Fabrizio De André, il canto libero ed antiborghese che esalta rivoluzioni, morte ed identità culturali raccontando le storie dimenticate, quelle degli ultimi. Tutto fuorché radical-chic.
di Giuseppe Ferrante
Ventiquattro anni fa, all’Istituto dei Tumori di Milano, si spense, o come avrebbe detto lui, è “evaporato in una nuvola rossa”, per raggiungere quell’angolo di Cielo riservato ai Pensatori liberi, il cantautore Fabrizio De André.
Nato da una famiglia di estrazione borghese, e con davanti a sé la carriera delineata di avvocato, non completa mai gli studi forensi e anzi, sin da giovanissimo, vaga nei locali della sua Genova per cercare l’occasione della vita che grazie alla “voce di un angelo” – quella di Mina nell’interpretazione de “La canzone di Marinella” – e, per fortuna di tutti, il suo percorso poetico e musicale è nel patrimonio culturale della Nazione.

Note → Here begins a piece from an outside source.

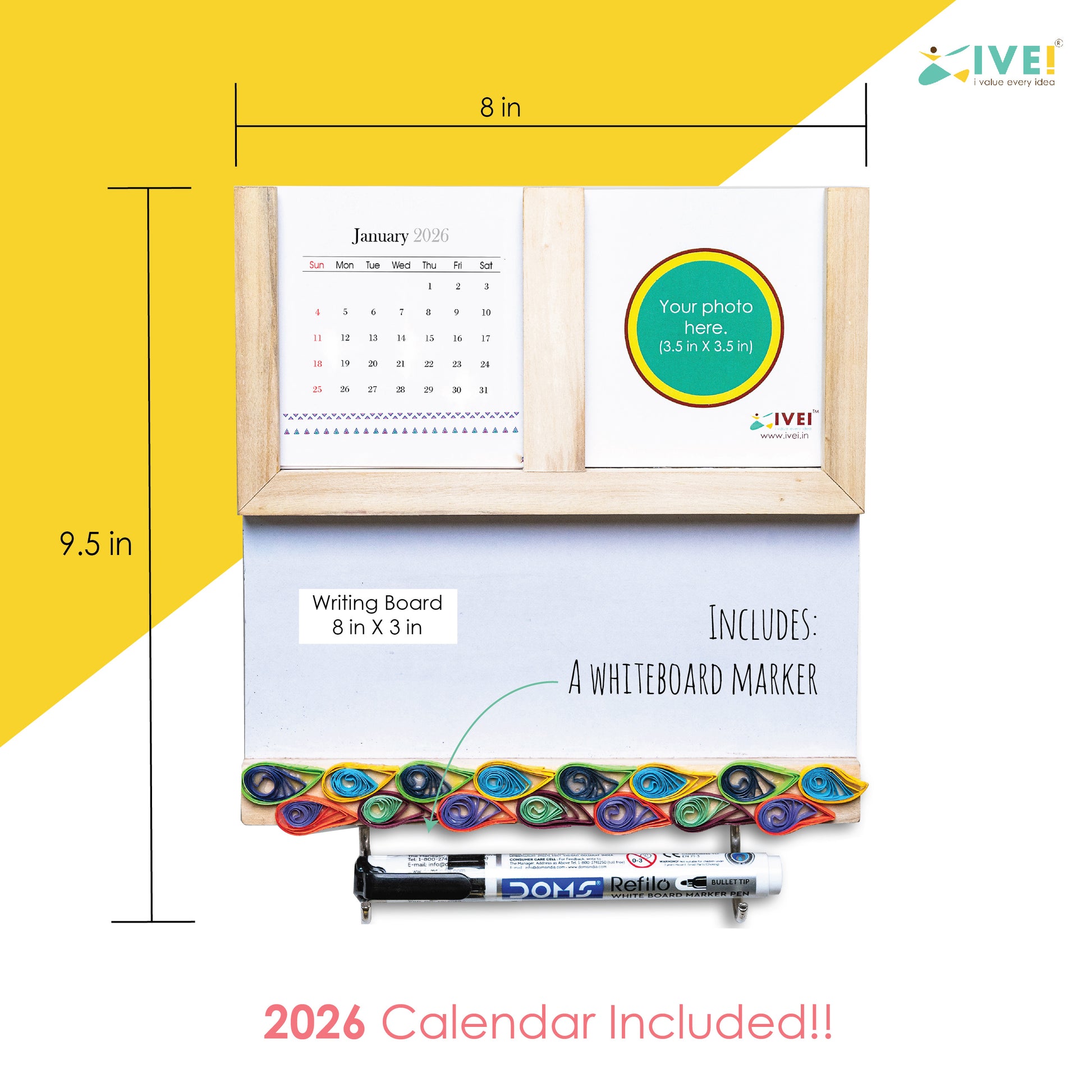IVEI Utility Fridge Magnet with White Board, Mini Warli Calendar and Photo Frame, Paper Quilling on Wooden Frame - Daily Planner Magnet for Fridge with White Board - Best Gift for Home & Kitchen

Un percorso che comincia con la critica della vita borghese degli anni ’60, e l’esaltazione della rivoluzione sociale in “Storia di un impiegato” e di quella religiosa in “La buona novella”, con la figura di Gesù che, nudo di miracoli e resurrezione, rimane il figlio illegittimo di un falegname. Un percorso sempre caratterizzato dalla neanche troppo velata polemica verso quella morale sessuale che cominciava ad essere scardinata dai primi colpi di un ’68 a cui De André non è mai riuscito ad appartenere veramente. Perché anarchico? Chissà. Sicuramente perché autentico individualista dal canto libero che mai poteva cedere, come i Sessantottini, alle lusinghe della borghesia.
Il poco tempo a disposizione dell’uomo per conoscere il mondo, per conoscere sé stesso e per farsi ricordare, è l’ansia della sua intera vita tanto che scrive proprio “per paura: per paura che si perda il ricordo della vita delle persone di cui scrivo. Per paura che si perda il ricordo di me”. Un uomo ossessionato dal tempo che scorre.
Vasta parte della produzione artistica di Faber non è in lingua italiana, ma nei dialetti d’Italia: dal genovese al napoletano, passando per quello sardo, quello veneziano… Uno studio maniacale delle diverse culture della Nazione, un’appartenenza viscerale alla nostra identità culturale perché, come dichiarato in una delle sue ultime interviste alla Rai, “noi tutti desideriamo conservare più strettamente le nostre radici culturali. […] Credo sia normale che ognuno di noi prima di sentirsi cittadino del mondo si senta napoletano, genovese”. In ogni suo album, Fabrizio De André analizza le storie dimenticate che, fino ad allora, nessuno voleva raccontare, trovando probabilmente proprio negli ultimi il simbolo della marcia contro i dogmi imposti dalla presunta “normalità”, perché “se non sono gigli son pur sempre figli vittime di questo mondo”.
Su De Andrè, ateo o profondo interprete della religiosità, giudice dell’umanità o suo umile conoscitore, è stato detto tutto ed il contrario di tutto, dipingendolo sia come alfiere buonista che come becero misantropo. Perché questo è il sudicio compito dei lestofanti del pensiero unico: tentare di imporre un’estrema unzione, un cocktail buonista agli uomini grandi della Storia. Ma solo dopo la loro scomparsa. Quando non possono più difendere la loro identità, senza poter avere diritto di replica.
E proprio quando questi giganti non sono più, il sacro rispetto dei pensatori liberi impone alle persone scevre da ogni pregiudizio il dovere di liberarli dai contenitori del buonismo dello spirito e dalle catene dall’intellighenzia radical chic.